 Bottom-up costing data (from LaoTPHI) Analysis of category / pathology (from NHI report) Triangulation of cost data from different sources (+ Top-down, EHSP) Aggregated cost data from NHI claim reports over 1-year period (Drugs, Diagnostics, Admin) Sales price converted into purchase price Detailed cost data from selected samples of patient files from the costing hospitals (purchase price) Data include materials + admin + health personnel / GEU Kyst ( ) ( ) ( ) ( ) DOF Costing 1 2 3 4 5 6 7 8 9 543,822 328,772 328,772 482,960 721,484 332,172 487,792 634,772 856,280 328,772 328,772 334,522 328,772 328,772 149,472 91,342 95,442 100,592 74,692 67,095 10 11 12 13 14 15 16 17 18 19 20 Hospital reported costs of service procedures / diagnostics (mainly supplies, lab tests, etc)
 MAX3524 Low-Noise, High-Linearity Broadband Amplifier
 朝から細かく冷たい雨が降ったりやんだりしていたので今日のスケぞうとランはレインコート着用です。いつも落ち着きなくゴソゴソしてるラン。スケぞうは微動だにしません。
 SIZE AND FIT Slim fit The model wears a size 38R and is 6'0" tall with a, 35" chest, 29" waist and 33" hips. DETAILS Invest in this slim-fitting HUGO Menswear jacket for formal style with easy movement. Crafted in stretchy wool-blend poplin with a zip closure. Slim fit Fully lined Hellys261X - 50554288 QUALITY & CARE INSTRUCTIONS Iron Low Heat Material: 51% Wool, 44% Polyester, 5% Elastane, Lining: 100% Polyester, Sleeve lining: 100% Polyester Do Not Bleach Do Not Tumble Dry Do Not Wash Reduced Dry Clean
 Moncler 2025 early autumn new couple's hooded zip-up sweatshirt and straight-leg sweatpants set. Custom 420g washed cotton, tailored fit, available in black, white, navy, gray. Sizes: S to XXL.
· · · · · · ·
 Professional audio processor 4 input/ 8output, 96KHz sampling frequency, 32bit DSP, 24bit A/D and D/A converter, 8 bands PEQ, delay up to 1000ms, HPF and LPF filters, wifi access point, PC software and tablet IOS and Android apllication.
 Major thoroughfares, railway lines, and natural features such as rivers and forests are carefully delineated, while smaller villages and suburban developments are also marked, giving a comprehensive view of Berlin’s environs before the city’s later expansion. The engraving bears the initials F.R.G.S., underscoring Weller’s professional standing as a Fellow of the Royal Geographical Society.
· · · · · · ·
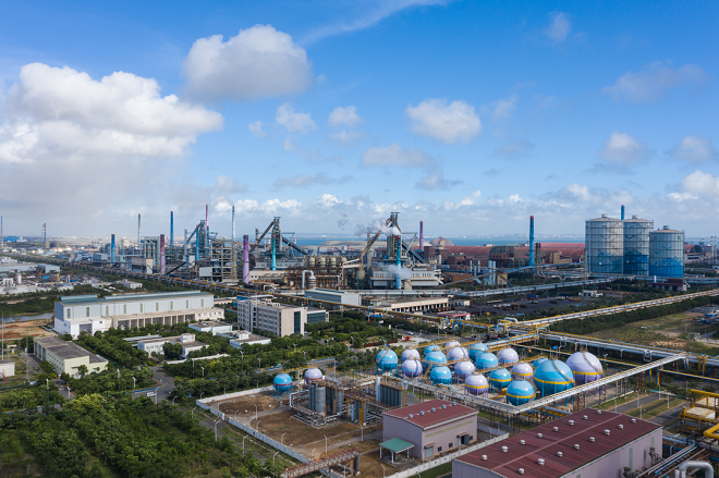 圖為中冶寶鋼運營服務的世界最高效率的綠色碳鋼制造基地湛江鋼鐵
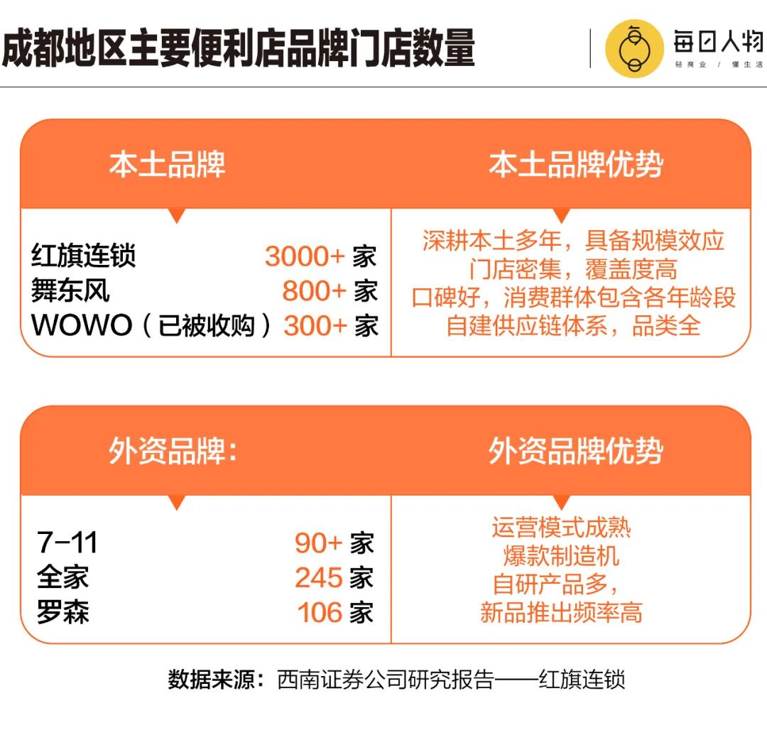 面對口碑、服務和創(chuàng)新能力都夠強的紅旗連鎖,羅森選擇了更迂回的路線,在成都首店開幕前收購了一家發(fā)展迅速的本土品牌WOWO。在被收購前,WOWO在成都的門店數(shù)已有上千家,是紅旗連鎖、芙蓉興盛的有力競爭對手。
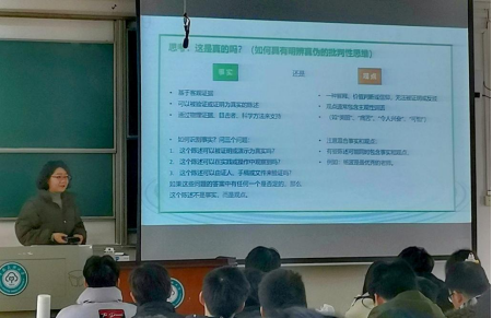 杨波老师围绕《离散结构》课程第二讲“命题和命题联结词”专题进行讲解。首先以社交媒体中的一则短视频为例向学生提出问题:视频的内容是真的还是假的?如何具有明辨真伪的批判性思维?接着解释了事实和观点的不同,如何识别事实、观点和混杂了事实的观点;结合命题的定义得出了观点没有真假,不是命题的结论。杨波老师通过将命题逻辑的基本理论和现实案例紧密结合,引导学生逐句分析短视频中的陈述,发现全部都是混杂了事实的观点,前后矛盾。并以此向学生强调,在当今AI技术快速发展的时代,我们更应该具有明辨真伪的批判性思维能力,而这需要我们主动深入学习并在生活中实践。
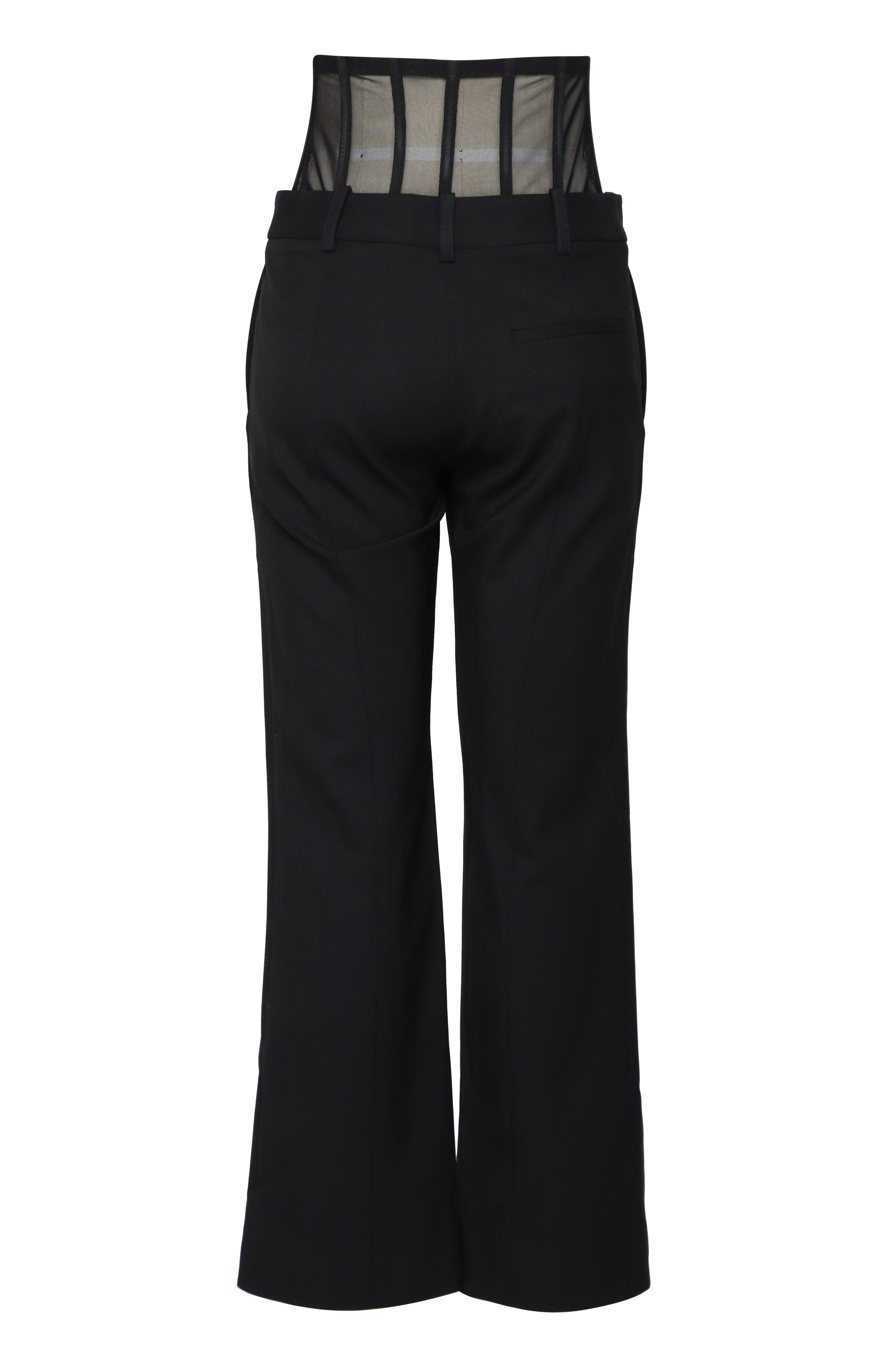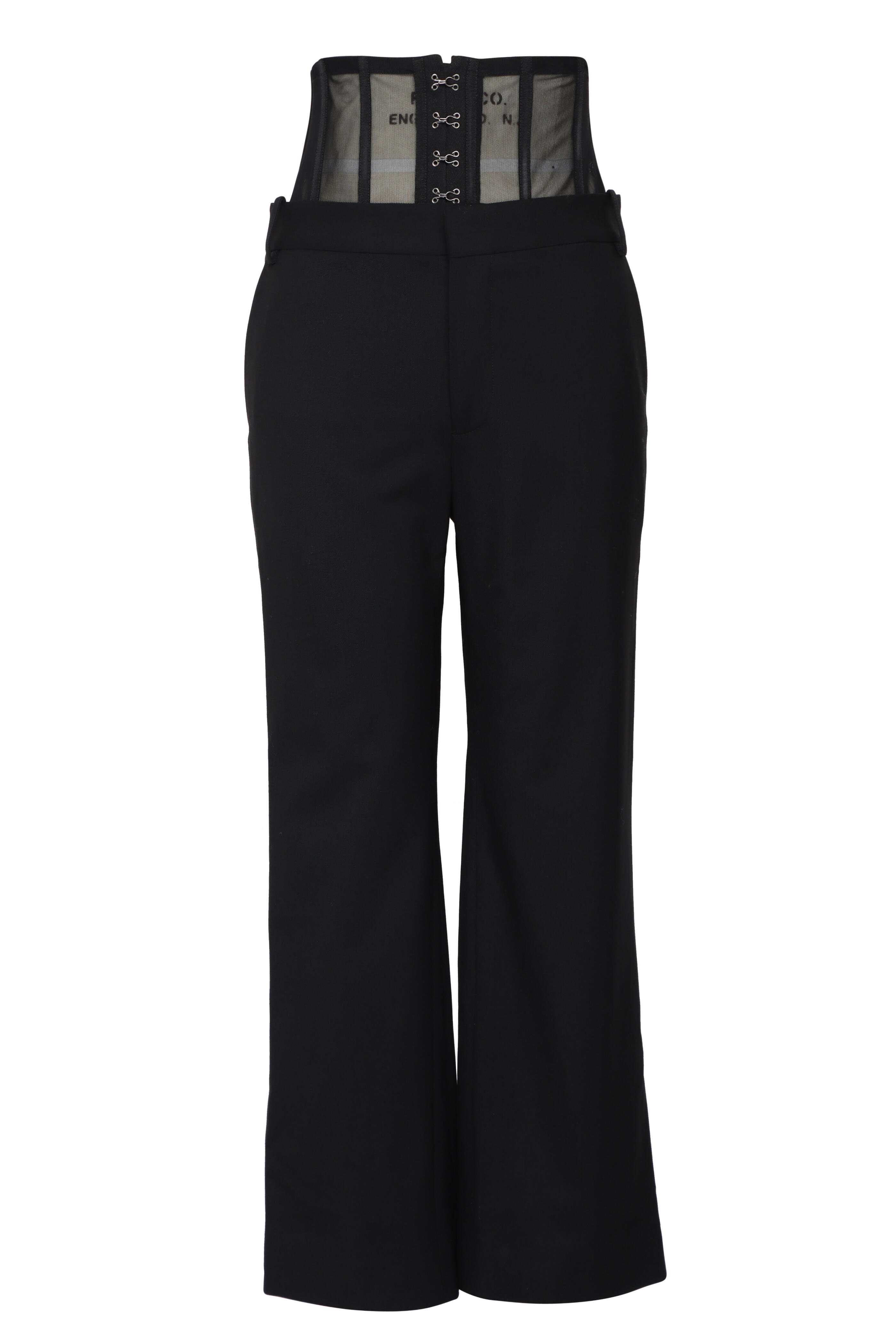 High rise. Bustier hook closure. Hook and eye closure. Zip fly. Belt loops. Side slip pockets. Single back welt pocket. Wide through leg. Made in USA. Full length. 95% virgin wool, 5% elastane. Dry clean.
· · · · · · ·
__Your goal__. The lines above from the one with "Bottom-up costing data" through the one with "朝から細かく冷たい雨が降った" are to be duplicated exactly, ends included, with nothing added.

__Response to the task__.
 Bottom-up costing data (from LaoTPHI) Analysis of category / pathology (from NHI report) Triangulation of cost data from different sources (+ Top-down, EHSP) Aggregated cost data from NHI claim reports over 1-year period (Drugs, Diagnostics, Admin) Sales price converted into purchase price Detailed cost data from selected samples of patient files from the costing hospitals (purchase price) Data include materials + admin + health personnel / GEU Kyst ( ) ( ) ( ) ( ) DOF Costing 1 2 3 4 5 6 7 8 9 543,822 328,772 328,772 482,960 721,484 332,172 487,792 634,772 856,280 328,772 328,772 334,522 328,772 328,772 149,472 91,342 95,442 100,592 74,692 67,095 10 11 12 13 14 15 16 17 18 19 20 Hospital reported costs of service procedures / diagnostics (mainly supplies, lab tests, etc)
 MAX3524 Low-Noise, High-Linearity Broadband Amplifier
 朝から細かく冷たい雨が降ったりやんだりしていたので今日のスケぞうとランはレインコート着用です。いつも落ち着きなくゴソゴソしてるラン。スケぞうは微動だにしません。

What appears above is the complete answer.